Previous | Table of Contents | Next |
Bitmaps are especially important for data warehouse/decision support systems, where ad-hoc, unanticipated queries make it impractical for the Oracle DBA to index on all possible combinations of columns. Assume that a manager wants to know the average income for all college-educated customers who drive red or blue cars in Wyoming or Nevada. Furthermore, assume that there are 1 million rows in the customer table. The following query would be very hard to service using traditional indexing:
SELECT avg(yearly_income) FROM CUSTOMER WHERE education IN ('B','M','D') AND car_color IN ('RED','BLUE') AND state_residence IN ('WY','NV') ORDER BY AVG(yearly_income);
In a bitmapped index, it is not necessary to read all 1 million rows in the customer table. Instead, the query manager will build row ID lists for all 1 values for education, car_color, and state_residence, and then match up the row IDs for those that appear in all three columns. When the query is ready to access the rows, it already has a list of row IDs for all rows that meet the selection criteria.

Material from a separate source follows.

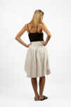 Su cintura elástica y botonadura frontal aportan comodidad y un toque vintage, mientras que su diseño artesanal la convierte en una prenda única, imposible de repetir.

To understand bitmapped indexes, imagine a very wide, fat table with only a few rows. In a bitmapped index, each unique value has one row, such that our REGION index contains only four rows. Across the bitmap, each row in the base table is represented by a column, with a 1 in the bitmap array if the value is true, and a 0 if it is false. Because of the high amount of repeating ones and zeros, bitmapped indexes can be very effectively compressed and expanded at runtime. In fact, the lower the cardinality, the better the compression, such that we can expect a higher compression of a GENDER index with two distinct values than with a STATE index with 50 distinct values. Uncompressed, the STATE index would be 48 times larger than the GENDER bitmap, because one row in the bitmap array is required for each unique value.
Oracle bitmapped indexes can consume far less space than a traditional B-tree Oracle index. In fact, their size can easily be computed as follows:
bitmap size = (cardinality_of_column * rows_in_table)/8
For example, suppose that the REGION index would have four distinct values with 800,000 rows. The entire index would only consume 100,000 bytes uncompressedand with Oracles compression, this index would be far smaller than 100,000 bytes. In fact, it could probably be read entirely into the Oracle buffer with a few I/Os.
As we can see from the diagram in Figure 6.2, Oracle bitmapped indexes can dramatically reduce I/O for certain types of operations. For example, assume that we are interested in knowing the number of corporations in the western region. Because all of this information is contained entirely within the bitmapped indexes, we have no need to access the table. In other words, the query can be resolved entirely within the index.
Figure 6.2 Oracle bitmapped indexes.
How do we identify candidates for bitmapped indexes? Your existing database is the starting place. Listing 6.5 will check all of your B-tree indexes and provide you with a list of candidates in ascending order of cardinality.
Listing 6.5 bitmap.sql identifies low cardinality indexes for bitmapped indexes.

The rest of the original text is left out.